## [INFORMATION PROVIDED]
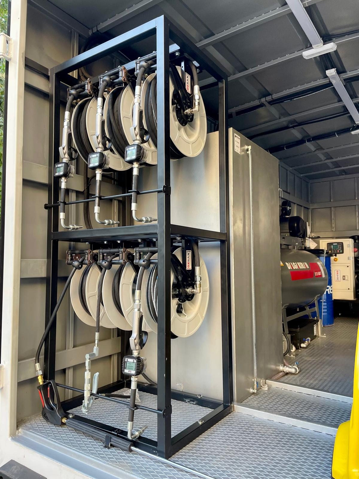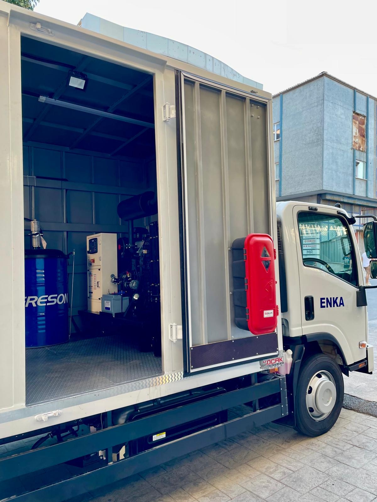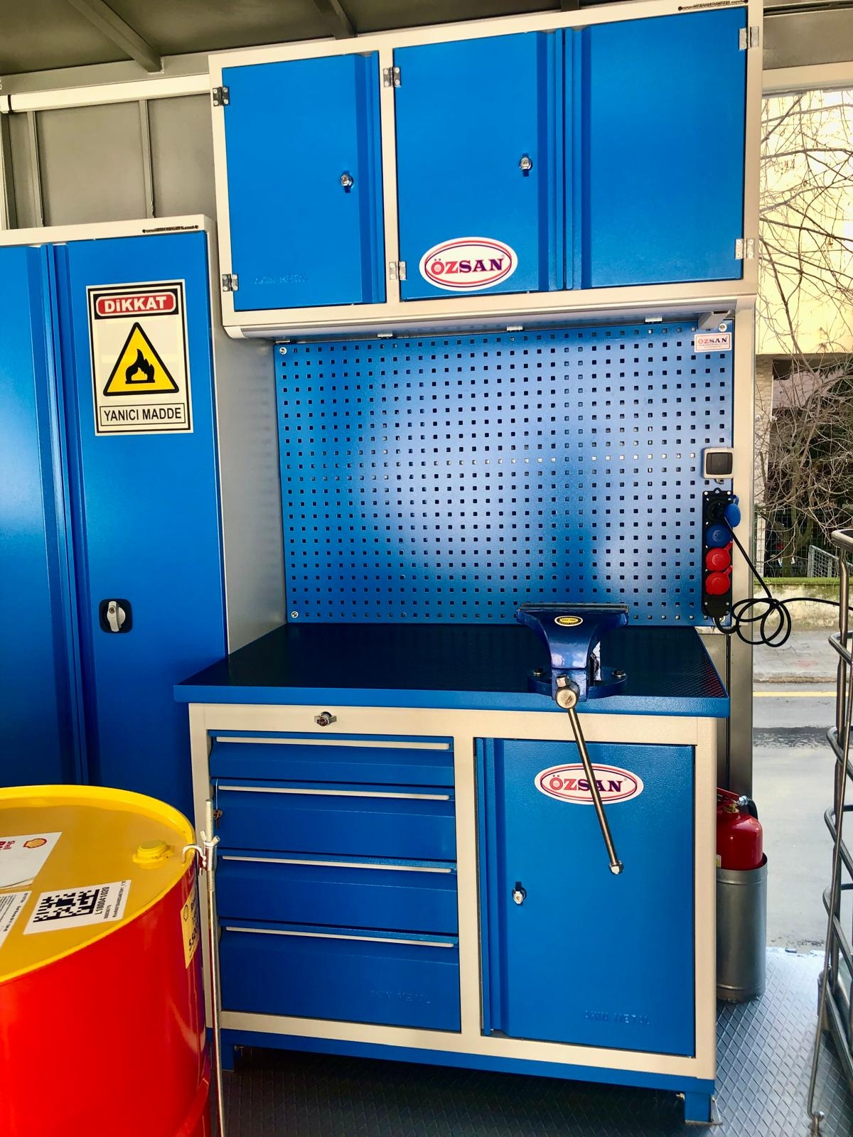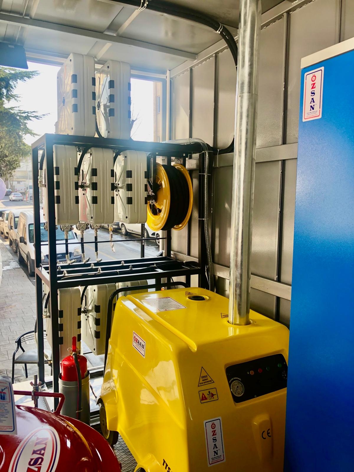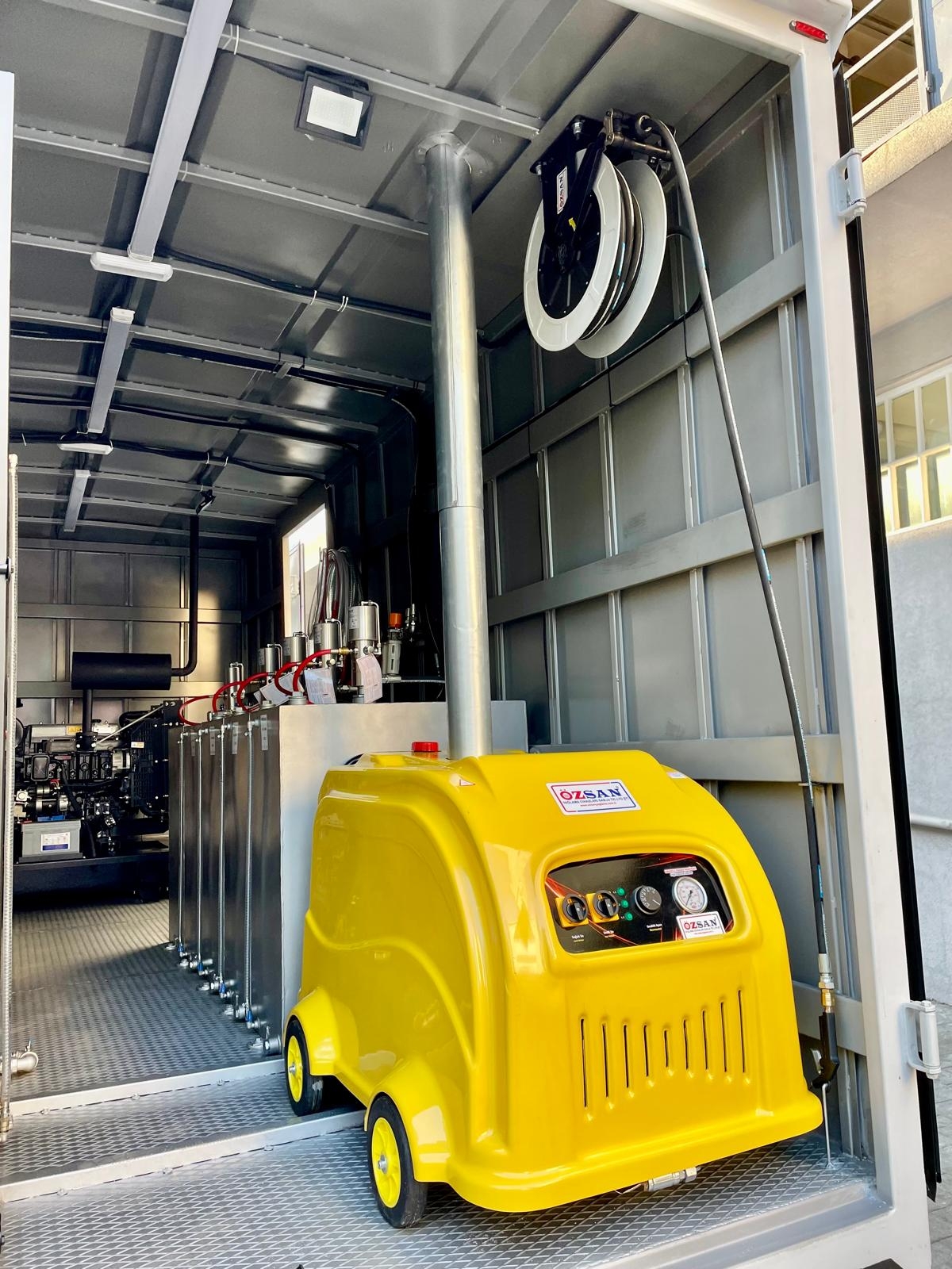 Kısaca içerisindeki ekipmanlar şöyledir; Jeneratör, Kompresör, Yıkama Makinası, Kaynak Makinası, Oksijen Asetilen Tüp Dolabı, Atık Yağ Sistemi, İnce Yağ Sistemi, Gres Sitemi, Hava Sistemi, Su Makarası, Mazot Tankı ve Pompası, Su Tankı, Çalışma Masası, Takım Dolabı, Mengene, Pano, Elektrik Tesisatı, İç ve Dış Aydınlatma vb. dir.
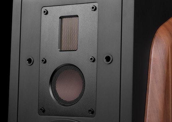 M300MKII箱体外部由黑色哑光漆面包裹,两侧搭配豪华木纹侧板,这一设计无不透露着惠威的独到审美和个性灵感,充满古朴雅致的格调。在保证美观的同时,也有效减少了箱体谐振对声音的影响,让音箱结构更单纯、声音的质量密度更好,以释放出至纯至净的上乘音质。
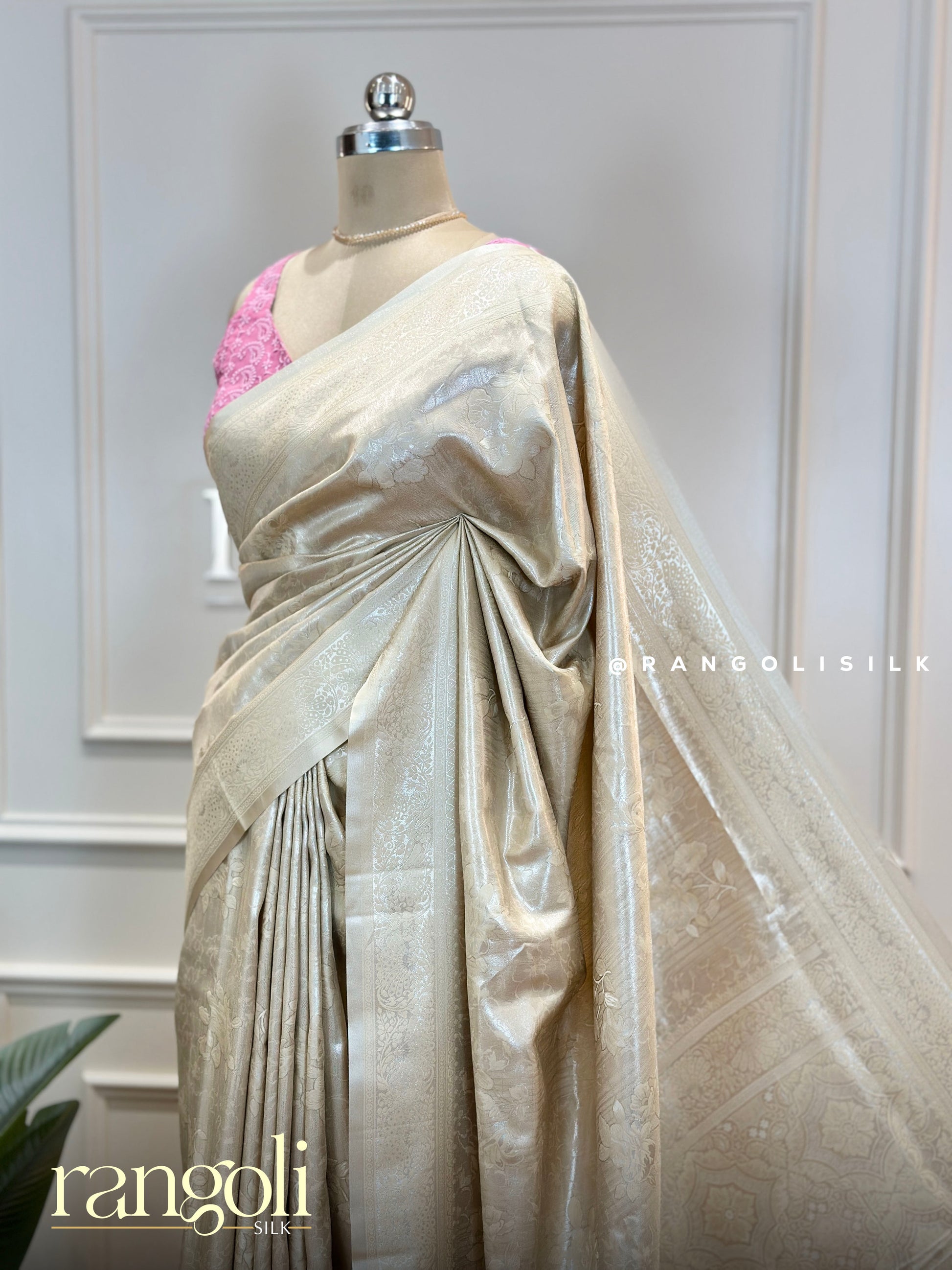 Post 585 - A timeless collection of Banarasi silk sarees - where luxury meets tradition. Crafted in serene pastel tones with intricate zari work, these drapes bring an understated grandeur perfect for festive and wedding seasons.

## [ASSIGNMENT]
Exclude images. Return the data above verbatim.

## [COMPLETED EXERCISE]
 Kısaca içerisindeki ekipmanlar şöyledir; Jeneratör, Kompresör, Yıkama Makinası, Kaynak Makinası, Oksijen Asetilen Tüp Dolabı, Atık Yağ Sistemi, İnce Yağ Sistemi, Gres Sitemi, Hava Sistemi, Su Makarası, Mazot Tankı ve Pompası, Su Tankı, Çalışma Masası, Takım Dolabı, Mengene, Pano, Elektrik Tesisatı, İç ve Dış Aydınlatma vb. dir.
 M300MKII箱体外部由黑色哑光漆面包裹,两侧搭配豪华木纹侧板,这一设计无不透露着惠威的独到审美和个性灵感,充满古朴雅致的格调。在保证美观的同时,也有效减少了箱体谐振对声音的影响,让音箱结构更单纯、声音的质量密度更好,以释放出至纯至净的上乘音质。
 Post 585 - A timeless collection of Banarasi silk sarees - where luxury meets tradition. Crafted in serene pastel tones with intricate zari work, these drapes bring an understated grandeur perfect for festive and wedding seasons.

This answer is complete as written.